**PROVIDED ENTRIES:**

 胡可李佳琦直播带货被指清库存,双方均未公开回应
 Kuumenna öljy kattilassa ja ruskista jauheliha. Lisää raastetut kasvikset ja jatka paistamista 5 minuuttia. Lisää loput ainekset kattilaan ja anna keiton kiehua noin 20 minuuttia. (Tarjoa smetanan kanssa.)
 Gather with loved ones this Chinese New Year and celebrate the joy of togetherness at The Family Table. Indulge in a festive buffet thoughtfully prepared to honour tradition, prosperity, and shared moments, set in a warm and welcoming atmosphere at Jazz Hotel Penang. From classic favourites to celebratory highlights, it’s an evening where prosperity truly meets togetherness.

* * *

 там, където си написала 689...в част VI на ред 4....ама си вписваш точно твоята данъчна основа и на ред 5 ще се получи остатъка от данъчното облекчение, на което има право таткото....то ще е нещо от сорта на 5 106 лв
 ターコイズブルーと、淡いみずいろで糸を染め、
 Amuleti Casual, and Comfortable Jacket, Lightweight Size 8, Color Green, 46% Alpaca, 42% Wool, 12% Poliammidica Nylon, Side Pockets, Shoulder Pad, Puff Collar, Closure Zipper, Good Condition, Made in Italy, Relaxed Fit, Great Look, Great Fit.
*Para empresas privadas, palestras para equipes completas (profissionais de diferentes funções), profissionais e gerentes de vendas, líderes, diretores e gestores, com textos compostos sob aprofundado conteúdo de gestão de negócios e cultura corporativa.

* * *

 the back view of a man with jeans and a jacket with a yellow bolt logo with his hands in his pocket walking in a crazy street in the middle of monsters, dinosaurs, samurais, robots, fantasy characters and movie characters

**PROBLEM:** In the data above, start at the line that has "Amuleti Casual, and", stop after the line that has "e cultura corporativa.", and print every line in between exactly as it stands.

**RESULT:**
 Amuleti Casual, and Comfortable Jacket, Lightweight Size 8, Color Green, 46% Alpaca, 42% Wool, 12% Poliammidica Nylon, Side Pockets, Shoulder Pad, Puff Collar, Closure Zipper, Good Condition, Made in Italy, Relaxed Fit, Great Look, Great Fit.
*Para empresas privadas, palestras para equipes completas (profissionais de diferentes funções), profissionais e gerentes de vendas, líderes, diretores e gestores, com textos compostos sob aprofundado conteúdo de gestão de negócios e cultura corporativa.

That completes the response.